Насколько плодотворен такой подход и не предлагает ли он решений, на вид заманчивых из-за своей простоты и кажущейся очевидности, а в действительности несостоятельных в силу явного или скрытого редукционизма? Самый простой, «лежащий на поверхности» ответ на вопрос — далеко не всегда самый правильный. То, что лежит на поверхности, скорее всего, и будет поверхностным. Сплошь и рядом встречаются случаи, когда нужно «копнуть чуть поглубже», интенсивнее проанализировать контекст, — и появится истинное решение проблемы, хотя, может быть, и не столь очевидное.

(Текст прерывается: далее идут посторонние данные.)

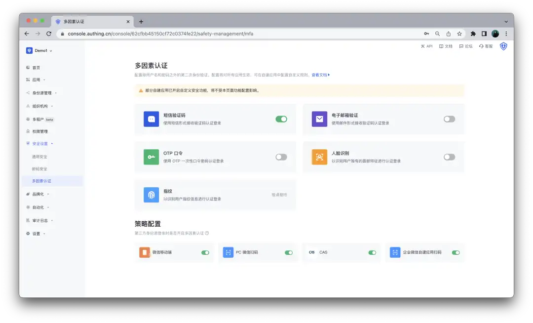 1.一键配置多因素认证(包含短信验证、邮箱验证、OTP 口令、人脸识别等):
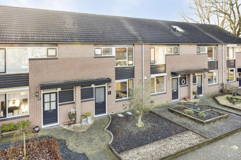 Entree met toilet en garderobe. De meterkast is vernieuwd in 2024. Vaste kast. Toegang tot de living, uitgevoerd met een fraaie massief eiken houtenvloer. De zithoek is voorzien van een sfeervolle schouw met inbouwhaard. De royale raampartijen in de voorgevel bieden veel lichtinval, daarnaast biedt het hoekkozijn ruim zicht over de omgeving. In de achtergevel zijn twee openslaande tuindeuren geplaatst, die rechtstreeks toegang bieden aan het zonneterras. Half open keuken, met recent in 2024 geplaatste luxe inbouwopstelling. Compleet uitgevoerd met inbouwapparatuur zoals: een inductiekookplaat, afzuigkap, combioven, vaatwasser en een koelkast. Een strak composiet werkblad maakt de keuken af.

В данной работе мы попытаемся продемонстрировать верность высказанных положений общего характера на примере своеобразного case-study. Речь пойдет об одной из самых известных частей геродотовой «Истории» — о так называемом египетском логосе[514], целиком занимающем ее вторую книгу. Это самый обширный из многочисленных разбросанных по всему произведению экскурсов, отступлений от основного сюжета — Греко-персидских войн. Тематика египетского логоса весьма разнообразна: в нем повествуется о природе долины Нила, о нравах и обычаях жителей страны (особенно о религиозных ритуалах), приводятся сведения из ее истории, сводящиеся к перечню ряда фараонов и их деяний.
Геродот, согласно его собственным утверждениям, много путешествовал по Египту и, в частности, посвятил немало крупных святилищ, где общался с жрецами. Эксплицитно историк говорит в данной связи о жречестве «Гефеста» (Пта) в Мемфисе (II. 2–3), «Зевса» (Амона) в Фивах (II. 54; II. 143), «Афины» (Нейт) в Саисе (II. 54), но чаще предпочитает говорить просто о «жрецах», без дальнейшей конкретизации. Собственно, если верить самому автору, то главным источником подавляющего большинства полученных им сведений явились именно жрецы. Геродот упоминает о них постоянно.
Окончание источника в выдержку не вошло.